Ce que ressentait Hannah… Comment le lui dire ? Le vide et le tout simultanément. Elle revoyait cette jeune fille aperçue la veille sortant du restaurant, bras dessus, bras dessous avec un homme plus âgé, son frère, son père, son mec peut-être. Ce fut sa passante. Elle avait croisé son regard. Dans ses yeux, la vérité du désir. Dans l’air vaporeux de ses cheveux, le parfum de son corps et la vitalité de ses émois. Dans le balancement de ses seins, la beauté fugitive d’une sexualité commencée trop tôt. Dans le déhanché de sa silhouette gracile, une renaissance. Laquelle ? La sienne. Celle qui lui permet, quelquefois, de rejoindre le monde des Idées, le monde d’en-haut. La vision de l’éternité. Tout à coup, elle ressent une vive brûlure à la main droite. Sa cigarette s’était consumée toute seule et commençait légèrement à embraser sa peau délicate. Claire l’en débarrassa violemment en poussant un petit cri. Le temps d’un instant et elle avait disparu. Qu’avait-elle vu en elle ?

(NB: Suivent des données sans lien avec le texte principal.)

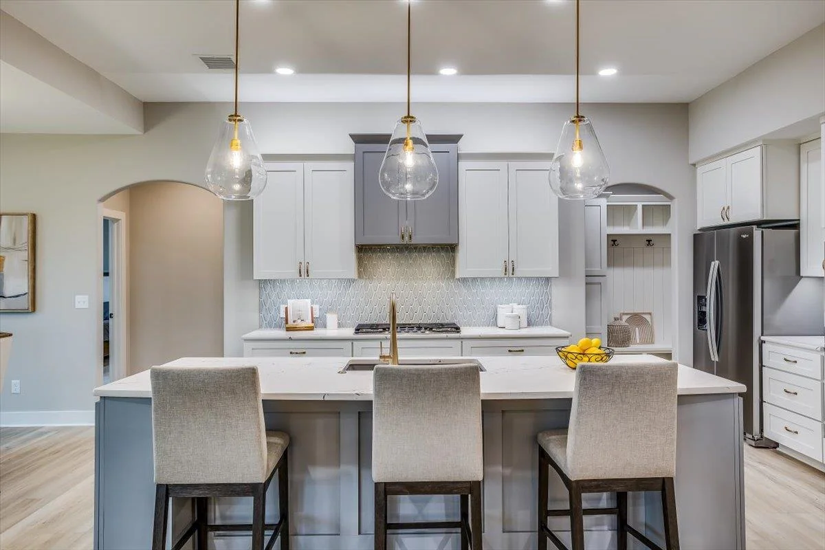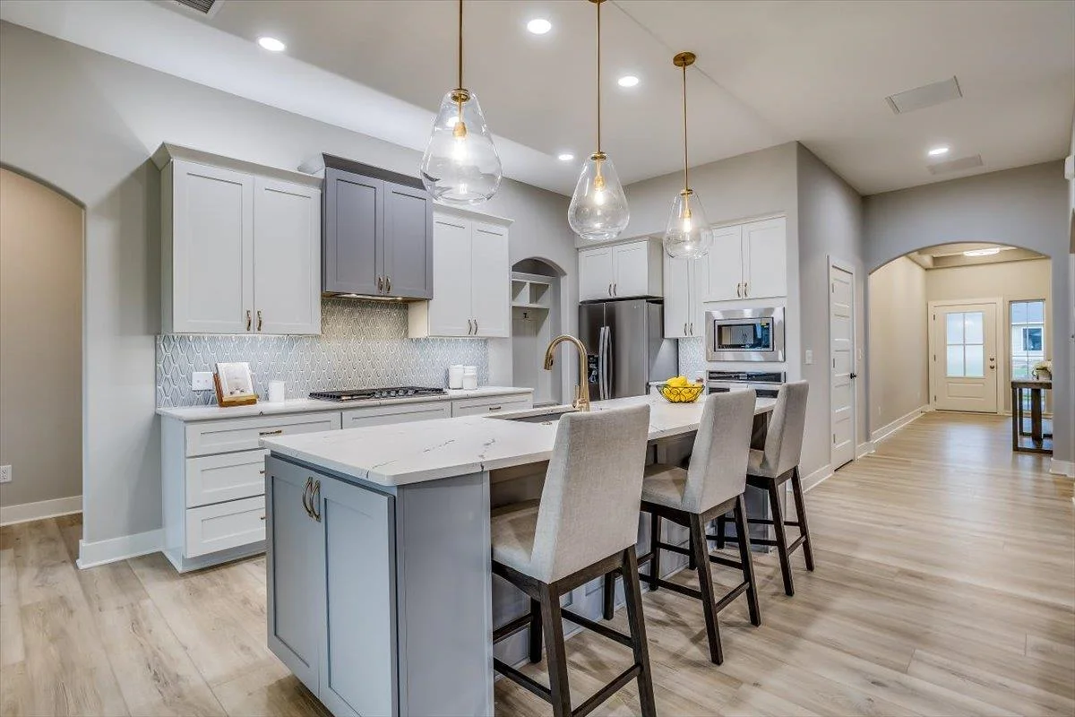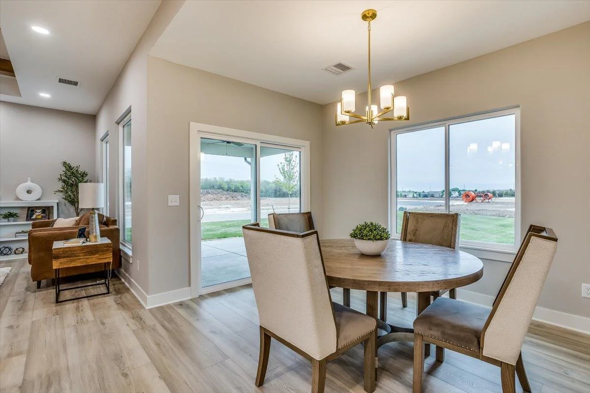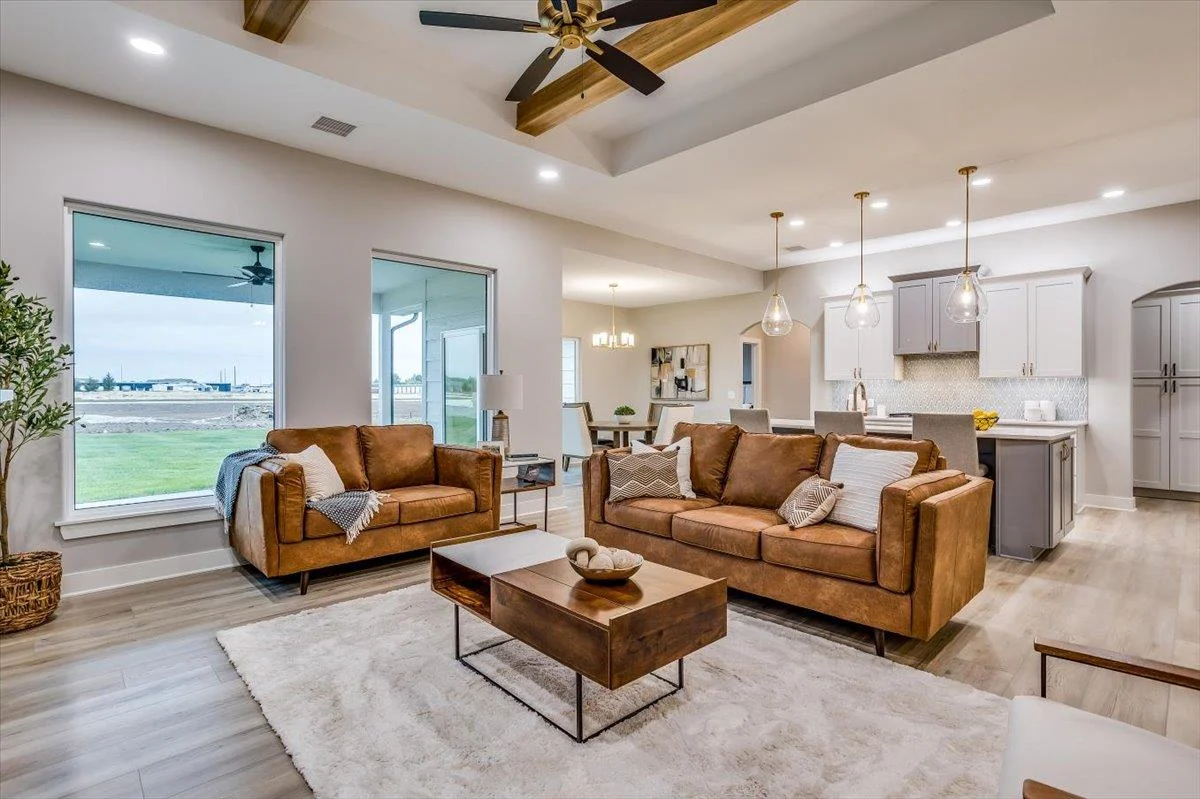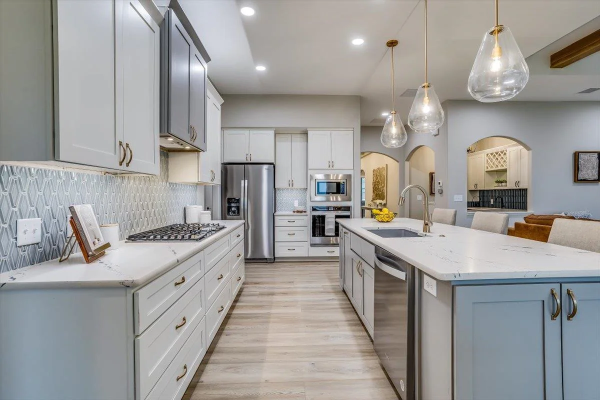 This new Kinsey design features a beautiful wetbar/coffee nook in place of pocket office option. Large living room w/ beamed ceiling, stone fireplace and custom shelving. Spacious kitchen with custom cabinetry, large quartz island and walk-in pantry. The master suite design with accent wall and custom tile shower gives you added convenience with walk through closet to laundry. Additional 3rd car garage gives you more storage. Bedroom closet doubles as a safe room. All information deemed reliable but not guaranteed. Estimated taxes and specials.
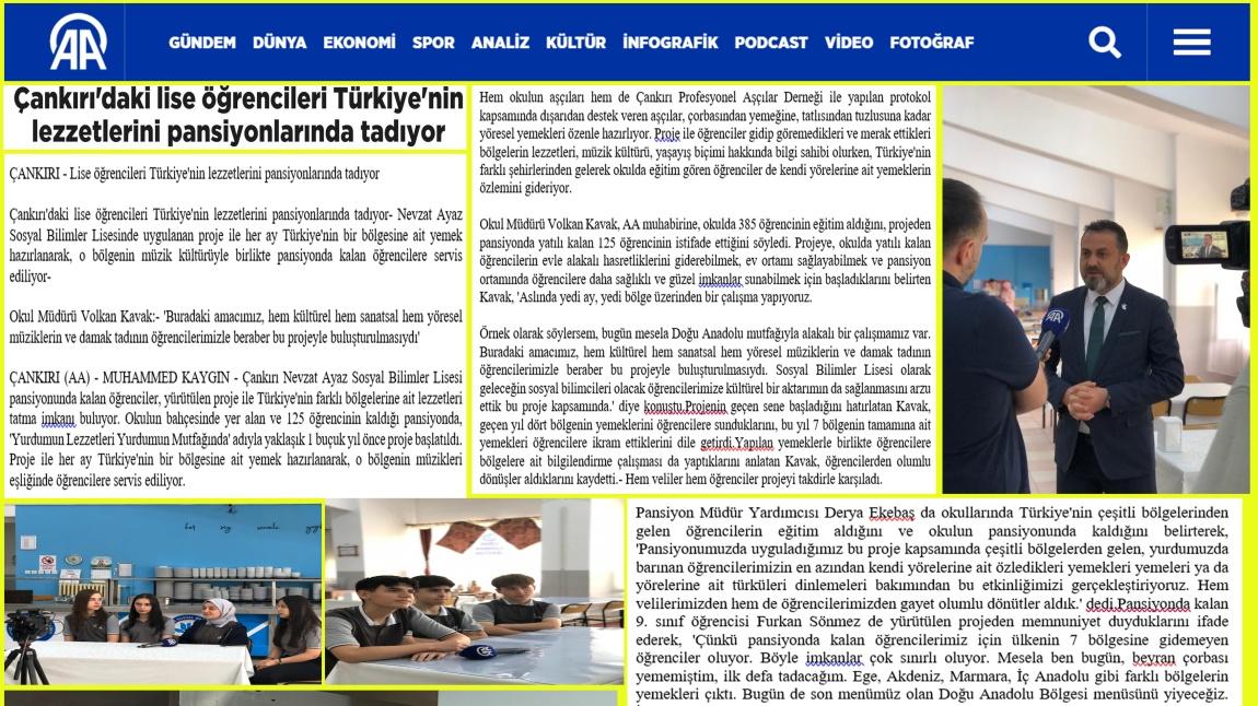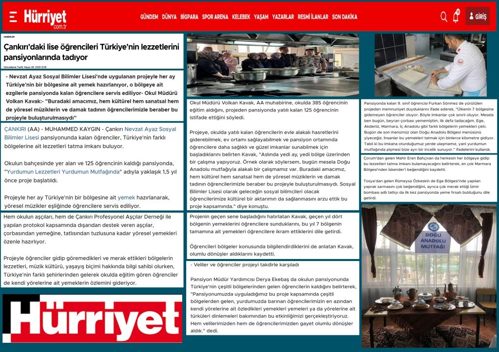 Yurdumun Lezzetleri Yurdumun Mutfağında projemiz Ulusal basında örnek çalışma olarak yer aldı.

La douceur qui fascine et le plaisir qui tue.


« La passante lui a permis d’exister et de mourir en même temps. Mais c’est son reflet qu’il a vu en elle. Le reflet du poète, je veux dire…enfin, bref, la passante c’est lui, à la fois présent et éphémère. Et c’est nous, du coup…Bref le spleen quoi… » Hannah buta sur les derniers mots. Elle en avait à la fois trop dit et pas assez. Elle le fit sans regarder son professeur, la tête baissée sur son stylo qui gribouillait son texte.

Elle avait bien conscience qu’elle n’avait pas dit ce qu’il fallait, que c’était trop tôt, que c’était inopportun. Elle releva la tête et sa professeure lui sourit puis d’un ton embarrassé, dit : «Oui…Tout à fait…C’est ça… Mais…Euh… Bon revenons aux figures de style ? »


Claire se réveilla brusquement et regarda son amie. Hannah ne se retourna pas sur elle et jeta un dernier regard vers la fenêtre. Les quelques rayons du soleil lui caressaient la joue. Elle était passée, elle allait repasser.